I was driving home from work the other day, was waiting at a traffic light, and up next to me pulls this – well, for lack of a better word – Crown Victoria. At least, I think it was – it was shaped like one, except for the 47″ tires, the swirly-like paint, and other than that, I dunno. I dunno because it was vibrating too hard to get a good look at it. It was vibrating too hard because evidently the driver (young guy, slouched down, hand kinda hanging over the steering wheel, baseball cap snugged down backwards on his grape) had a hearing problem, and had the stereo turned up so loud MY windows were shaking. I say stereo, but it might have been some kind of mob-fighting equipment, because all I could really hear/feel was some kind of “Booooooooom! Booooooooom!” at regular intervals, and struggling to be heard over that was this guy who was sing-songing about 9’s, b***ches, and better get out dat do’.
After giving this whole setup the fisheye, I was almost overwhelmed with the notion to walk over, tap on his window, and ask him if he really, truthfully, enjoyed that annoying shit, or was he just doing it because all his buds were doing it. But I didn’t – almost, but not quite. Instead I sat back and pondered, and eventually came to a conclusion:
That rather unfortunate young man ain’t one smidgen different than any of the rest of us.
How do I know that? Easy. He’s just doing what he knows, and what all the folks who came before him have done – imitating.
Cool – yeah? no?
I grew up in the 60’s, was a teen in the 70’s, and can tell you it was the same then. The hippie age was dying out by the time I hit my teens, but bellbottoms and denim were all the rage, fluffy hair on girls (with about half a can of hairspray to boot – any one of them could have gone up in flames just by looking at a lighter), long hair on guys, and platform soles. Was it because we all liked to look like a Saturday Night Fever crowd scene? Hope not. No, it was onaccountabecause we wanted to be cool, accepted, belong. No more, no less.

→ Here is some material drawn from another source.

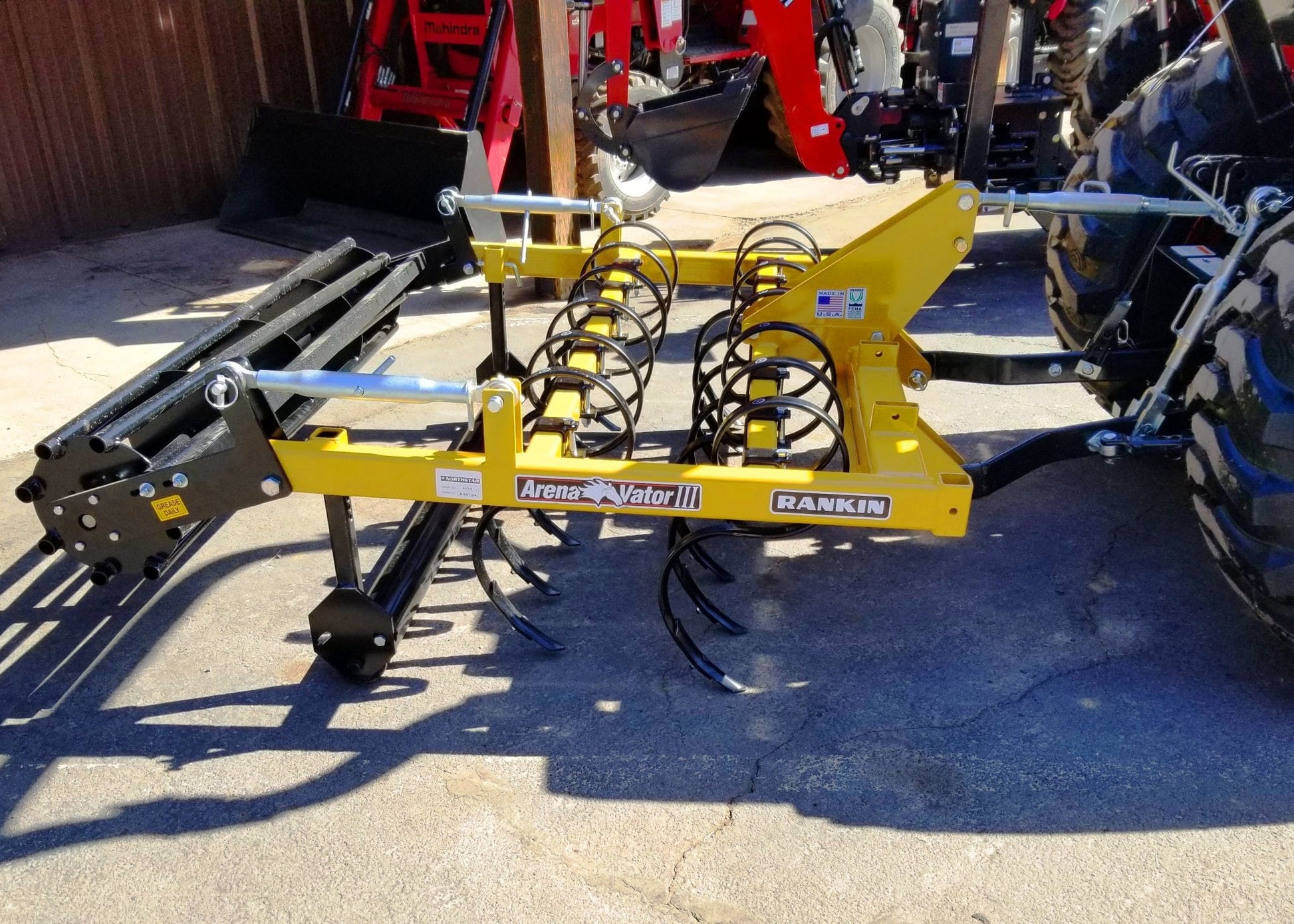 The Arena-Vator III by Northstar Attachments is a versatile and durable tool designed to renovate and condition horse arenas and tracks in a single pass. With a 12' working width and 27 S-tines, this model loosens, levels, and packs the soil, providing a firm yet cushioned surface that promotes secure footing for horses. The AV-3’s frame accepts optional scarifier shanks for breaking up compacted ground, offering enhanced customization to meet individual surface needs. This unit includes an adjustable leveling bar and a 12" rear pipe roller, which gauges depth while evenly packing the soil, resulting in a professional-grade finish.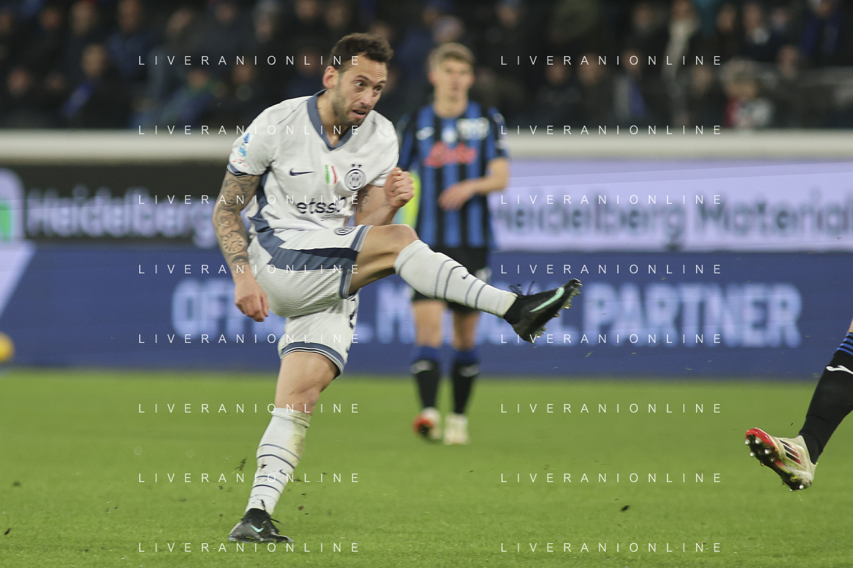 Hakan Çalhanoğlu of Inter FC kick the ball during Atalanta BC vs Internazionale FC, 29° Serie A Enilive 2024-25 game at Gewiss stadium in Bergamo (BG), Italy, on March 16, 2025. (Photo by Davide Casentini) AG ALDO LIVERANI SAS

And of course, anyone can recall the same stuff, no matter what age. Fedoras, pin-stripe suits, disco, rock, wing-tips, cars jacked up in the ass, low-riders, denim (remember when bluejeans were only worn by farmers? I do), fuzzy dice, and the list goes on and on. It also includes language: cool, dude, bro, pencil you in, awesome, chill, rad, do lunch, lame, totally…how many times have you heard those? (You can ask Mom or Dad if you have to.) No? Okay, then…how about brain fart, muffin top, showmance, or fugly?
And now that I’ve sludged my way through to the wordy part of this soap-box-standing derby, let’s go to my current bane – the one word that I’ve come to hate above alllllll others.
Now, this part you’re going to hate me for, ’cause it’s gonna be like you just bought a 2005 Impala. Suddenly, you’re going to see all the 2005 Impalas that come within a mile of ya. Right?
Cast a curse at me whenever you like, but pay attention, and listen to how many times the “A” word is used nowadays. It’s epidemic, so it is. No one can say “you bet”, or “you’re right”, or “darned tootin'”, or “bet your ass” anymore. Why? ‘Cause “ab-so-fuckin’-lutely” is the cool word for today.
We can’t escape it. It’s in our blood, desiring to be accepted, brought in, wrapped around by the warm arms of societal standards.
Bump that – I’d rather be a writer, and concentrate on using as many different words from anyone else as is by God possible.